The "bulldozing" of sections of Flint is a separate issue.
"Look, we know we've already shrunk. We need to change the design of the city," he said.
And though the idea of shrinking the footprint of a city can be politically difficult (witness the outrage when it was suggested that parts of New Orleans should be returned to wetlands after Hurricane Katrina), it's less so in Flint.
"The blocks that we're talking about don't have anybody living on them," he said. There is no neighborhood opposition, because there is literally no neighborhood left.
Flint isn't the only town to acknowledge this reality. Seven years ago, city fathers in Youngstown, Ohio, conceded aloud that the city was shrinking, not growing, and that no amount of boosterism would bring back the heyday of steel and manufacturing.
It was an obvious admission, yet a bold one: Instead of seeking growth, Youngstown would have to try to "right-size" the city, focusing dwindling resources on the areas of the city most suitable for habitation.
The plan, called Youngstown 2010, would mean giving up on entire blocks or neighborhoods, steering residents and businesses downtown and toward the city's hospitals and universities.
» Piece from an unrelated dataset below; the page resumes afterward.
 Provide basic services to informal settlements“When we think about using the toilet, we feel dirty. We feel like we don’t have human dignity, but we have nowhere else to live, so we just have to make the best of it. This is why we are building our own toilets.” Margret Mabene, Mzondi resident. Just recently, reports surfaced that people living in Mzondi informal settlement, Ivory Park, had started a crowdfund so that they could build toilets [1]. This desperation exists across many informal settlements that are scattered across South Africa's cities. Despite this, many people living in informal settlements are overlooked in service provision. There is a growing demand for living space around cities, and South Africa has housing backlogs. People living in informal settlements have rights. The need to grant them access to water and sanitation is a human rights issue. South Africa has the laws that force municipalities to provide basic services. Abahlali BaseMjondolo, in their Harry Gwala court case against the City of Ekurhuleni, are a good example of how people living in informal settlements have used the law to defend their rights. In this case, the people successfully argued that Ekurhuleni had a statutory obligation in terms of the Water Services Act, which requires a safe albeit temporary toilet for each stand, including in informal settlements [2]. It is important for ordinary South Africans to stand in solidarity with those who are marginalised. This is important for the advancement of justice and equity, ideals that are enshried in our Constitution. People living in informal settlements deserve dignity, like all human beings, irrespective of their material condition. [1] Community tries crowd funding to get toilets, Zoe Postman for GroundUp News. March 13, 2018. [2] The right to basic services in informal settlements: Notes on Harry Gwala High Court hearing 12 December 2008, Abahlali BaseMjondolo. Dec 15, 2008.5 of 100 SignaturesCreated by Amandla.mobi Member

Some neighborhoods deemed unsustainable might be abandoned altogether, meaning the city could save money by not providing services -- street paving, garbage collection, police patrols -- in those areas.
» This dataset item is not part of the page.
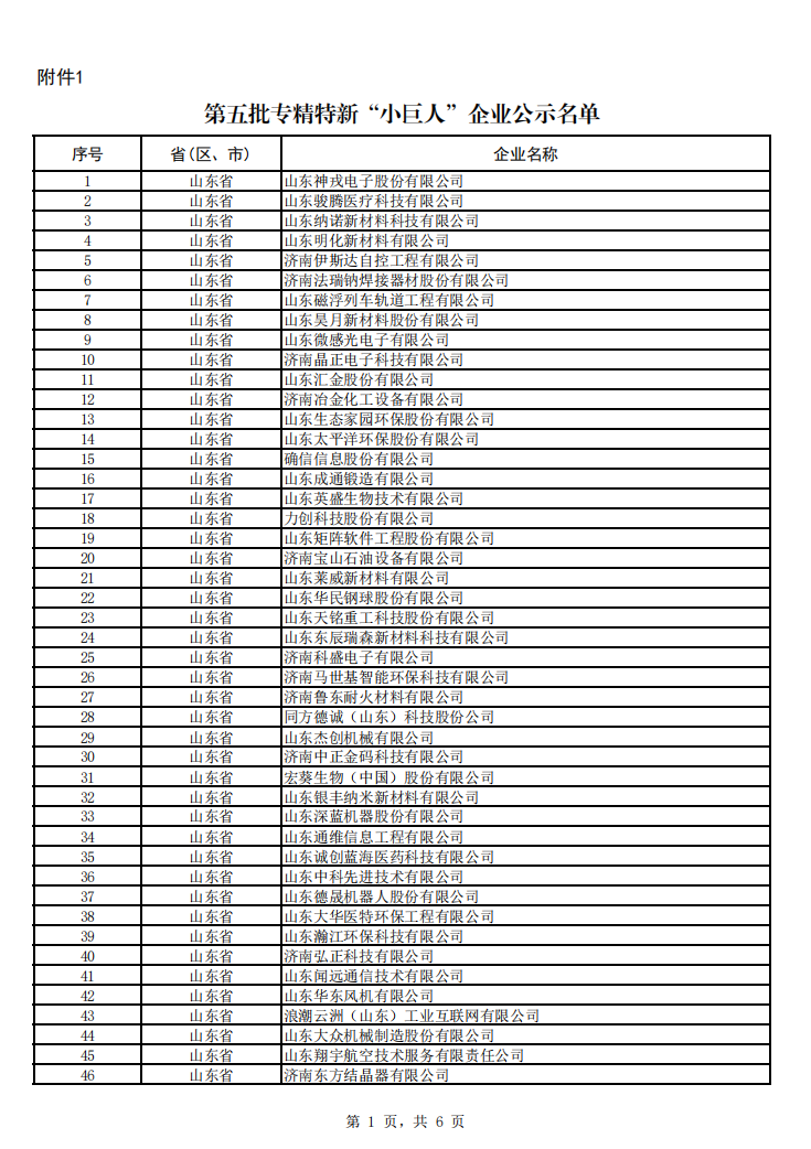 第五批專精特新“小巨人”企業(yè)公示名單

"For some of these cities, the footprint is so much larger than they can really accommodate," said Jennifer Vey, a Brookings Institution fellow and author of the 2007 "prosperity" study.
The old equation -- revitalization equals growth -- "may not be realistic for some of these cities. ... The reality is that a lot of the cities are not going to see that population return in the foreseeable future, if ever," she said.
Instead, they must plan for "smart decline."
Pittsburgh, however, isn't contemplating any such action, says the URA, now or in the near future.
Nor, as it turns out, is Youngstown, even with 2010 right around the corner.
The recession, reports The Christian Science Monitor, is challenging Youngstown's plan. "The city has little money to demolish vacant buildings; no one has taken the $50,000 incentive to move. ... Youngstown's experience underscores the difficulties of urban engineering on such a massive scale, as the promise of renewal collides with the sacrifices needed to make it work."
In other words, it's easier said than done.
"It's intuitively a credible idea," said Alan Mallach, fellow with the National Housing Institute, a New Jersey nonprofit that studies housing and neighborhood issues. But it costs a lot of money to demolish properties or relocate people, he said.
And it's politically difficult, too, as the New Orleans experience demonstrated.
"People went berserk, and all of the politicians backed off," when the idea of "shrinking" New Orleans was broached, said Mr. Mallach. "You're going to have people who say, 'This is my home, and you're going to have to carry me out feet first.'" Persuading them to leave a neighborhood is a very slow, labor intensive process, he said.
Pittsburgh, like many other Rust Belt cities, has shrunk well below its industrial height as a town of more than 670,000 in the 1940s to a current population of just over 311,000.
But at just 55 square miles, Pittsburgh is still fairly dense with about 5,600 people living per square mile. Flint has a density of 3,700 people per square mile, and Youngstown has 2,300.
Some growth towns, by comparison: Phoenix (population 1.55 million) has a density of 2,900 people per square mile; Jacksonville, Fla., population 794,000, has a density of 1,061 per square mile; and San Jose, Calif., (939,000 people) is at 5,100.